Material for this exercise
..............................

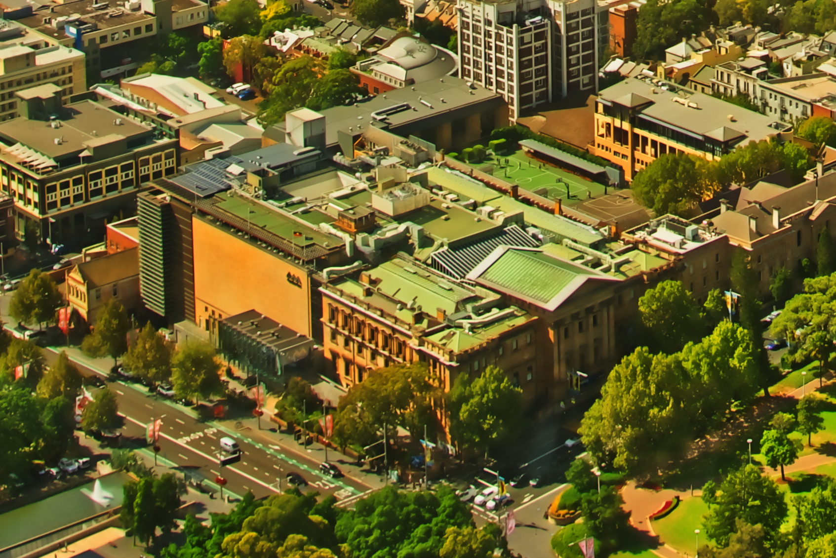 A view of Australian Museum from Sydney Tower on Feb 16, 2019
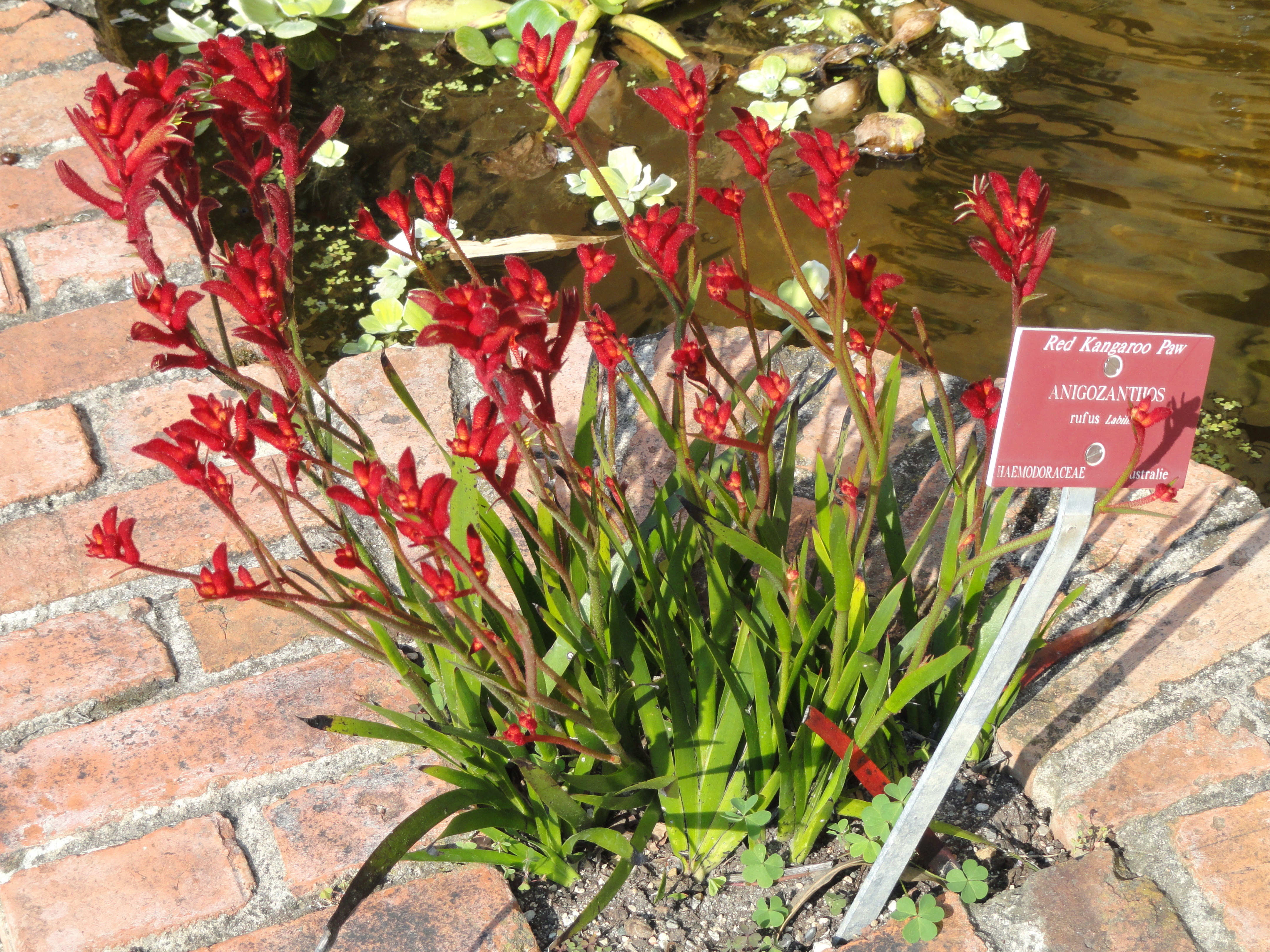 Anigozanthos rufus specimen in the Jardin botanique du Val Rahmeh, Menton, Alpes-Maritimes, France.
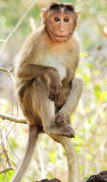 Bonnet macaque (Macaca radiata) in Mangaon, Maharashtra, India
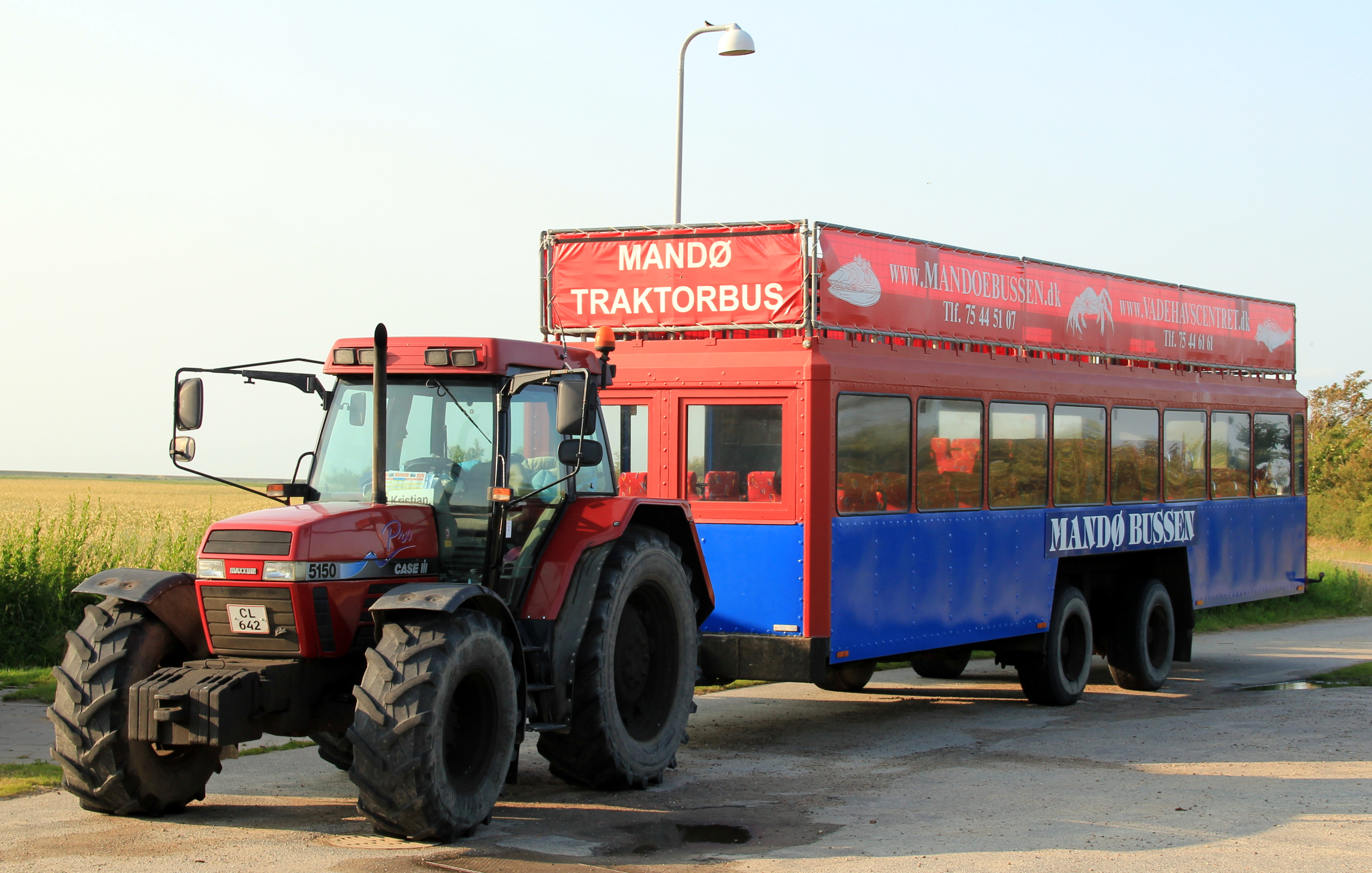 The tractor bus to Mandø
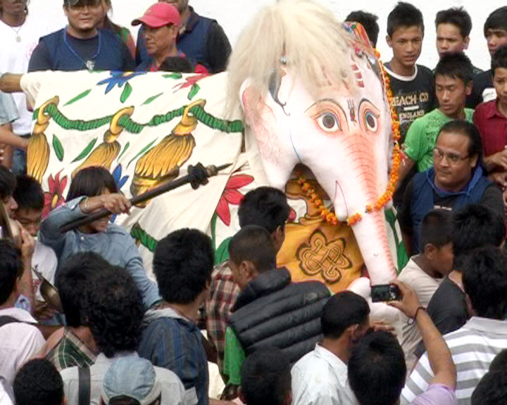 A traditional dance performed during Indrajatra in Nepal.
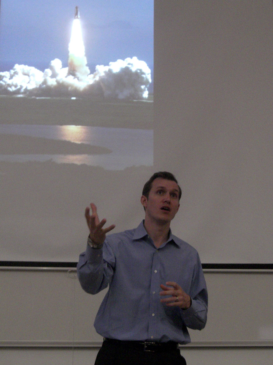 George Whitesides (NSS) during Dalmatian Space Summer
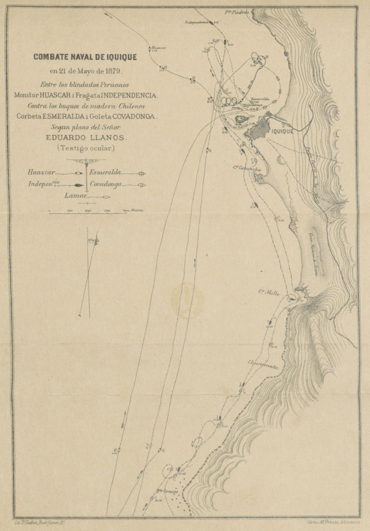 Mapa combate naval de Iquique y Punta Gruesa, 1879
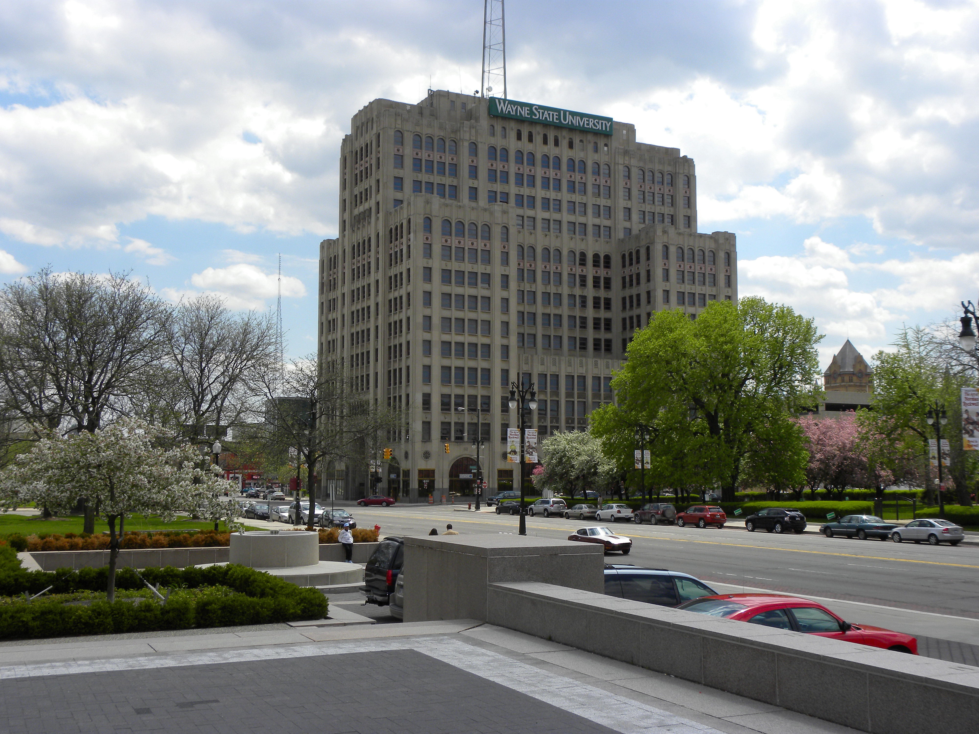 The Maccabees Building on the campus of Wayne State University, just south of the Detroit Historical Society, on Woodward Avenue, in the Arts Center neighborhood

..............................

Directions
Give back the material above exactly, but without its images.

Answer section
 A view of Australian Museum from Sydney Tower on Feb 16, 2019
 Anigozanthos rufus specimen in the Jardin botanique du Val Rahmeh, Menton, Alpes-Maritimes, France.
 Bonnet macaque (Macaca radiata) in Mangaon, Maharashtra, India
 The tractor bus to Mandø
 A traditional dance performed during Indrajatra in Nepal.
 George Whitesides (NSS) during Dalmatian Space Summer
 Mapa combate naval de Iquique y Punta Gruesa, 1879
 The Maccabees Building on the campus of Wayne State University, just south of the Detroit Historical Society, on Woodward Avenue, in the Arts Center neighborhood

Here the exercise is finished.